---------- The input ----------

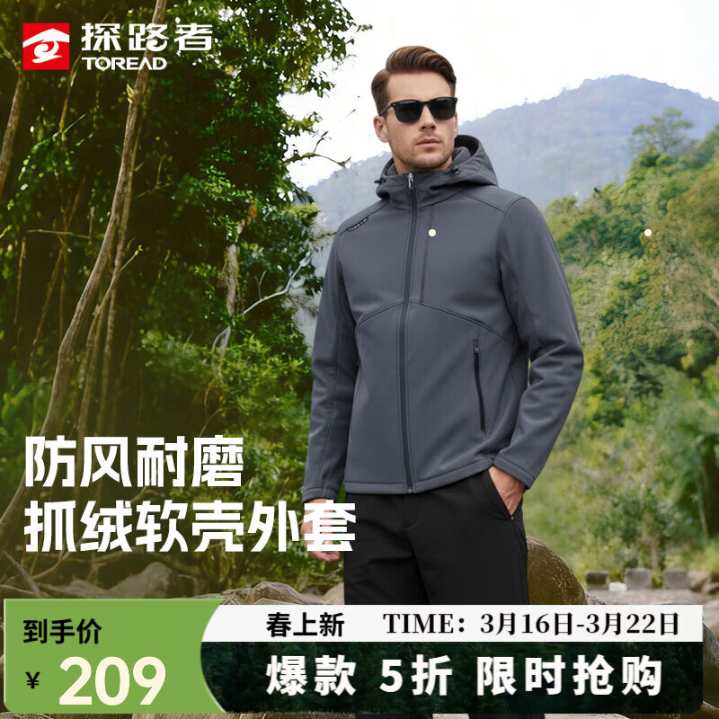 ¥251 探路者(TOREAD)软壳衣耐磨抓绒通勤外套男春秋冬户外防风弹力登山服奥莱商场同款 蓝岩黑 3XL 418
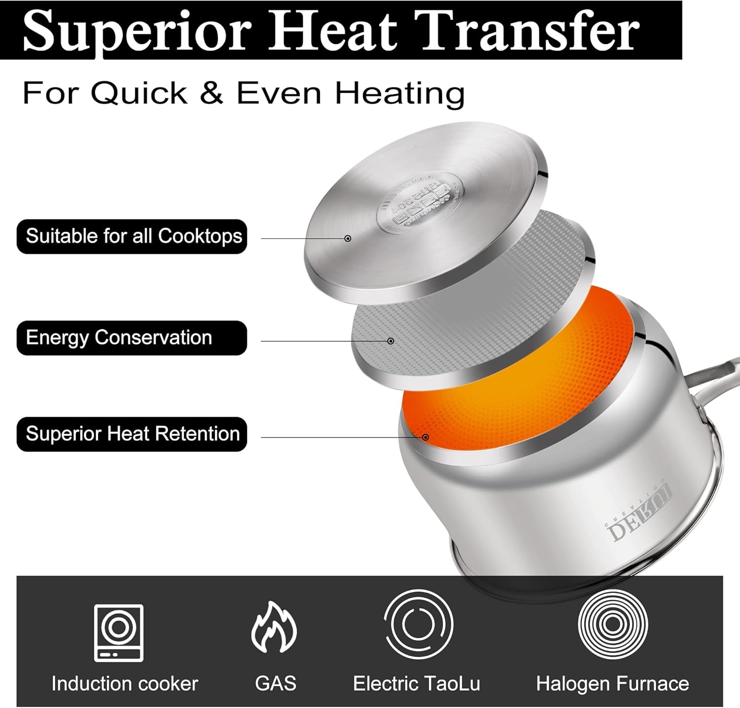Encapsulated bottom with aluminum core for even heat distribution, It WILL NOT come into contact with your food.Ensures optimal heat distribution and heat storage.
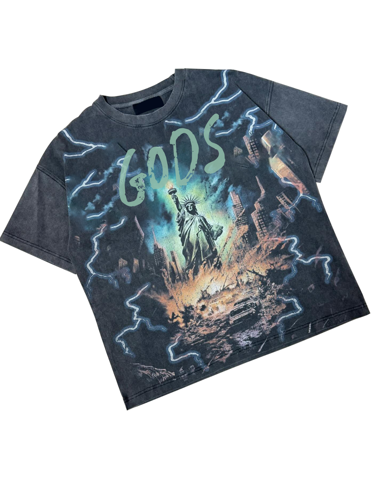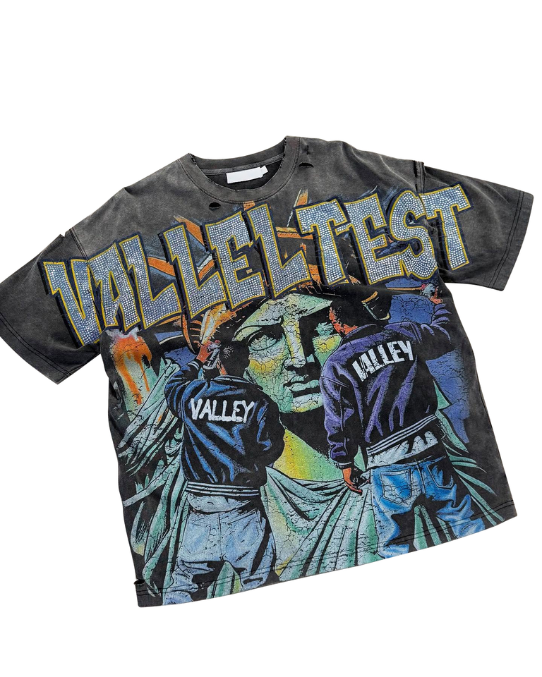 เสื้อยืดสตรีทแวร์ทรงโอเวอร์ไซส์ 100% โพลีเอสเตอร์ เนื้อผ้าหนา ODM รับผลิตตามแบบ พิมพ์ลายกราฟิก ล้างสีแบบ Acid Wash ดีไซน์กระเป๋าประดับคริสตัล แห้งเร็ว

----------
---------- The input ----------

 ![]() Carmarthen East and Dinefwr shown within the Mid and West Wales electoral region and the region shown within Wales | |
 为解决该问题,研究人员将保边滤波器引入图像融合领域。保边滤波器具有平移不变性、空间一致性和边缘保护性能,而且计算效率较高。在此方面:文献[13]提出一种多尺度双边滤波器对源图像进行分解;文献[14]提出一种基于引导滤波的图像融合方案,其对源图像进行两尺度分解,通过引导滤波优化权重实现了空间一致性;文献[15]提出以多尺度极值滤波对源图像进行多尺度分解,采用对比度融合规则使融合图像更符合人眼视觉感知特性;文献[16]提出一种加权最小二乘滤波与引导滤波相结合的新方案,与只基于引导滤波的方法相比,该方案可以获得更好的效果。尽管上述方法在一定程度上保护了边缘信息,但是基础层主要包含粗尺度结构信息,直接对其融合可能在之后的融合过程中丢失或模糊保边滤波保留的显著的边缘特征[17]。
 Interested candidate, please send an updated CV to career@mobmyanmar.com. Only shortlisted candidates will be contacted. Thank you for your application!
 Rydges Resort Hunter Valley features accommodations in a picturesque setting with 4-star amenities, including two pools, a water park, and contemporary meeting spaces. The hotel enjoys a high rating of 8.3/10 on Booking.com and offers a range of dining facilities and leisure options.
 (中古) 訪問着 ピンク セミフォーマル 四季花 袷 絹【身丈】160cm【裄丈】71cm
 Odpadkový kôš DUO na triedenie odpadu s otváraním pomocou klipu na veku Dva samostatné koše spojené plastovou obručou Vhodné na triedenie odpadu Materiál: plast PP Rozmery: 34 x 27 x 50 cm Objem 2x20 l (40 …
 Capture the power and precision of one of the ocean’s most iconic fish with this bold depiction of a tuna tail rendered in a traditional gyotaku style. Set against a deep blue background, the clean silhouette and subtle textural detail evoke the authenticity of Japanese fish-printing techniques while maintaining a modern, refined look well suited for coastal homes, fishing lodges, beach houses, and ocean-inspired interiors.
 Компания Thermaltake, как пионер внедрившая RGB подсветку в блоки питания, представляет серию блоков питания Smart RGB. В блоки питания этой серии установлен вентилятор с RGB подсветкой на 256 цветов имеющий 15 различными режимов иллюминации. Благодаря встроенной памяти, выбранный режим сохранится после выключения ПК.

----------

*Exercise requirements:*
Using the entries above, output exactly the lines between the line holding "为解决该问题,研究人员将保边" and the line holding "Odpadkový kôš DUO", end lines included, and nothing more.

*Response area:*
 为解决该问题,研究人员将保边滤波器引入图像融合领域。保边滤波器具有平移不变性、空间一致性和边缘保护性能,而且计算效率较高。在此方面:文献[13]提出一种多尺度双边滤波器对源图像进行分解;文献[14]提出一种基于引导滤波的图像融合方案,其对源图像进行两尺度分解,通过引导滤波优化权重实现了空间一致性;文献[15]提出以多尺度极值滤波对源图像进行多尺度分解,采用对比度融合规则使融合图像更符合人眼视觉感知特性;文献[16]提出一种加权最小二乘滤波与引导滤波相结合的新方案,与只基于引导滤波的方法相比,该方案可以获得更好的效果。尽管上述方法在一定程度上保护了边缘信息,但是基础层主要包含粗尺度结构信息,直接对其融合可能在之后的融合过程中丢失或模糊保边滤波保留的显著的边缘特征[17]。
 Interested candidate, please send an updated CV to career@mobmyanmar.com. Only shortlisted candidates will be contacted. Thank you for your application!
 Rydges Resort Hunter Valley features accommodations in a picturesque setting with 4-star amenities, including two pools, a water park, and contemporary meeting spaces. The hotel enjoys a high rating of 8.3/10 on Booking.com and offers a range of dining facilities and leisure options.
 (中古) 訪問着 ピンク セミフォーマル 四季花 袷 絹【身丈】160cm【裄丈】71cm
 Odpadkový kôš DUO na triedenie odpadu s otváraním pomocou klipu na veku Dva samostatné koše spojené plastovou obručou Vhodné na triedenie odpadu Materiál: plast PP Rozmery: 34 x 27 x 50 cm Objem 2x20 l (40 …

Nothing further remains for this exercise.